Jonathan Crowe

My Correct Views on Everything

2011 Nebulas: Novels

Of the six novels nominated for the Nebula Award, I’ve managed to read four.

The two I haven’t read are Jack McDevitt’s Firebird and China Miéville’s Embassytown, largely because they weren’t available inexpensively. Firebird is the sixth volume in the Alex Benedict series; the third entry, Seeker, won the 2006 award. He’s been on the ballot four times since then; this is McDevitt’s eleventh nomination in this category. This is China Miéville’s third nomination in this category; Embassytown was also nominated for the Clarke Award and is also on the Hugo ballot, as a result of which I expect to read it later this year.
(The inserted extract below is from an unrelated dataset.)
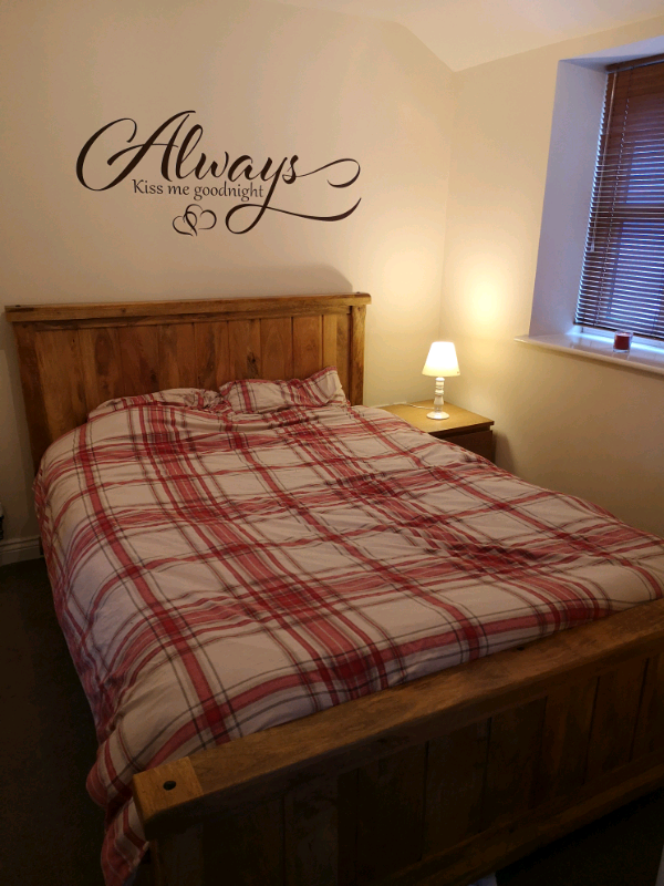 Lovely Hand-painted Solid Wood King-size Bed Frame with ... from i.ebayimg.com Queen size solid wood bed with high quality mattress. Full platform bed frame with wooden slat mattress foundation; King size bed frames are the most preferred type of frame. A king bed runs 76 x 80 inches on the inside. However, you might come across models that are slightly smaller or larger than this. Our cal king sized frame was also damaged in transit leaving multiple broken edges. Chances are you'll discovered another solid wood bed frame king size higher design concepts. Minimalist queen size bed with leather frame and solid wood.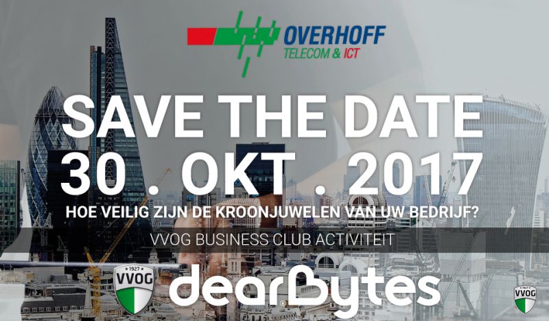 De VVOG businessclub heeft dit seizoen twee bedrijfsbezoeken in haar planning opgenomen. Tijdens het eerste bedrijfsbezoek is de businessclub te gast bij Overhoff Telecom & ICT. Overhoff Telecom & ICT heeft een wervelende gastspreker van DearBytes, de IT Security Specialist van Nederland, uitgenodigd om wat dieper in te gaan op de veiligheid van uw systemen. Het belooft opnieuw een mooie avond te worden.

Of the four I’ve read, one, Jo Walton’s Among Others, I read a year and a half ago. I had a lot to say about it back then and I expect I will have more to say about it in the future. I’m not at all neutral about Among Others: it affected me more profoundly than any book has in years. This is the one I’m rooting for and the one I’d have voted for (it’s certainly getting my vote for the Hugo).

But that doesn’t mean I can’t say nice things about the other nominated works.

The Kingdom of Gods (cover) N. K. Jemisin’s first novel, The Hundred Thousand Kingdoms, was on the Nebula ballot last year. It was the first volume in the Inheritance Trilogy, a series Jemisin herself calls “her eyeroll at epic fantasy.” It does things that fantasy trilogies Do Not Do, such as first-person narrative and a new protagonist in every volume. This year, the concluding volume in the trilogy, The Kingdom of Gods, is nominated (book two, The Broken Kingdoms, having got lost in the shuffle somehow). The trilogy deals with the relationship between mortals and gods: in the first book, a mortal became a god; in this one, a god — Sieh, the trickster god of childhood — has somehow become mortal. Intrigue and scheming ensue in a ridiculously gripping and readable fashion, as they always do in Jemisin’s books. She’s achieved “buy everything she writes” status in this house; Jennifer’s hooked. (Buy The Kingdom of Gods at Amazon: trade paperback, paperback, Kindle. Author’s page.)

Mechanique (cover) The other two novels on the ballot are first novels. Genevieve Valentine’s Mechanique: A Tale of the Circus Tresaulti just won the Crawford Award. It’s the story of a travelling circus in what appears to be a post-apocalyptic landscape; the difference between magic and tech is not immediately clear. The boss of the circus remakes her performers, replacing their bones with copper pipes, killing them and bringing them back as something different. This ability draws attention from a local politician. A subplot focuses on who will inherit the wings of a deceased aerialist. It’s a short book, told non-linearly and with shifting perspective and much incluing, but very masterful for a first novel. (Buy Mechanique at Amazon: trade paperback, Kindle. Author’s page.)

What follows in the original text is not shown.